When Results Can Be Misleading

RPR can produce false positives in several situations. In large screening programs, only 36 to 37 percent of RPR-reactive samples were confirmed as syphilis by a treponemal test, meaning most reactive RPR results in low-risk people reflect something other than active infection.

• Biologic false positives: pregnancy, aging, and autoimmune conditions such as lupus or antiphospholipid syndrome can trigger reactive RPR without syphilis infection.
• Laboratory variability: the same blood tested at different labs can produce titers that differ by up to threefold, which can change whether a result looks like improvement or relapse. Compare trends within a single lab.
• Prozone effect: in secondary syphilis with very high antibody levels, the test can falsely read as negative or low unless the lab dilutes the sample further. If your clinical picture points to active syphilis but RPR is low, ask about prozone.
• Low-titer or nonreactive RPR with active disease: ocular syphilis, neurosyphilis, and late latent syphilis can occur with very low or nonreactive RPR. The test is not a substitute for clinical evaluation when specific organ involvement is suspected.

One specific technical point: CSF RPR, used to evaluate neurosyphilis, is less sensitive than CSF VDRL and should not be substituted for it when a lumbar puncture is being done.

What to Do If Your Result Is Abnormal

A reactive RPR is not a diagnosis on its own. The next step is always a treponemal confirmatory test (such as TPPA, FTA-ABS, or a treponemal immunoassay). The combination of reactive RPR plus positive treponemal test confirms syphilis exposure and points to active or recent infection if the titer is meaningful.

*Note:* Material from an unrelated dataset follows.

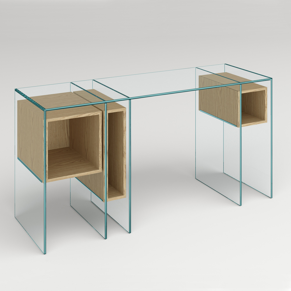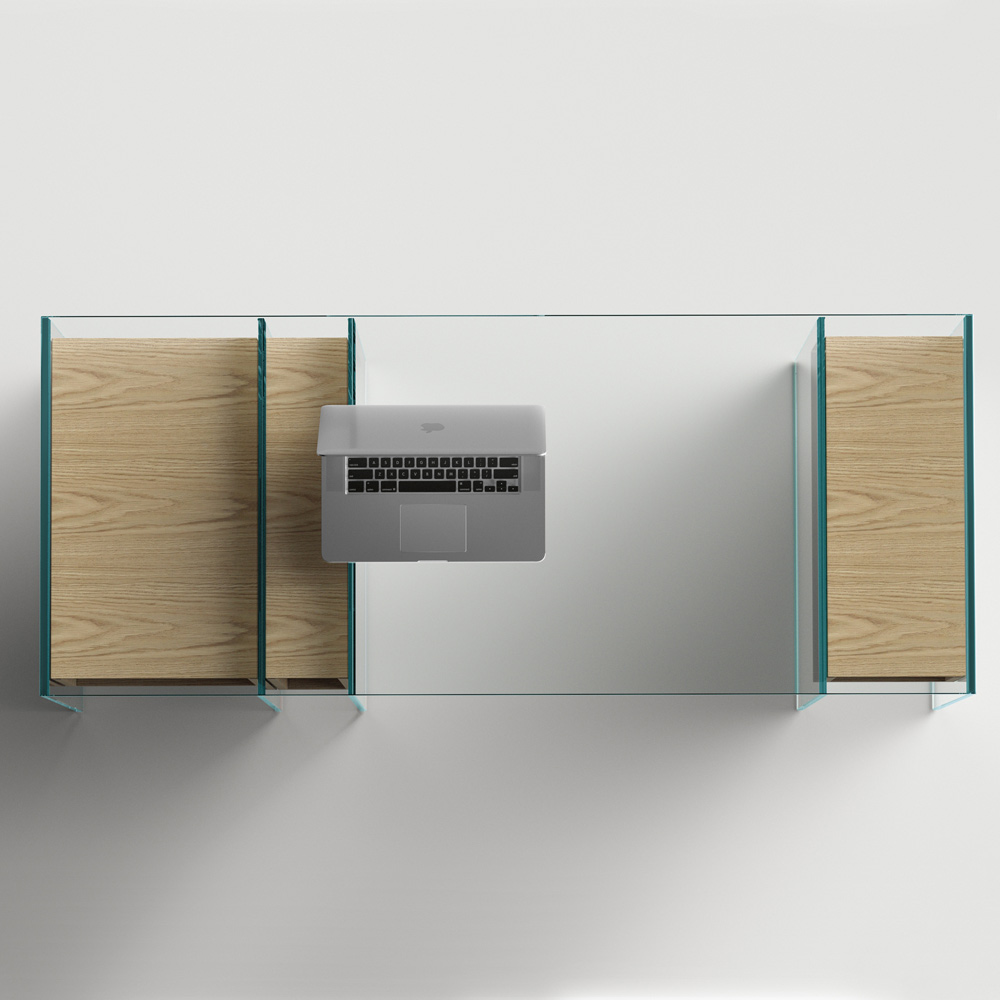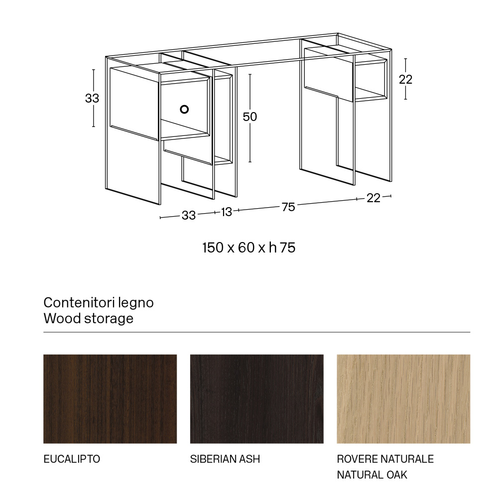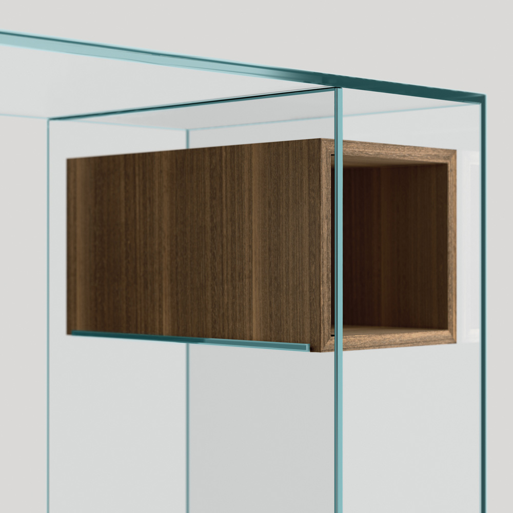 ملاحظة : تتوفر وحدة التحكم أيضًا بنسخة الزجاج المدخن. كما يُمكن طلب مجموعة الأدراج الثلاثة بلون مطابق (مُدمجة داخل المكعب الأيسر).

If both tests are positive, the decision pathway depends on your history, symptoms, and titer. You should be evaluated by a clinician experienced in sexually transmitted infections, who will stage the infection (primary, secondary, early latent, late latent, or tertiary) and check for neurological or eye involvement. Standard treatment is benzathine penicillin G. A single intramuscular dose of 2.4 million units treats early syphilis with a 90 to 100 percent success rate in systematic review data, and a randomized trial showed no added benefit from additional weekly doses for early syphilis in people with or without HIV.

If you have ongoing exposure risk, concurrent HIV testing, hepatitis testing, and screening for gonorrhea and chlamydia should be ordered alongside RPR. HIV co-infection can slow the rate at which your RPR falls after treatment and increases the chance of remaining serofast, so the interpretation of post-treatment titers must account for HIV status.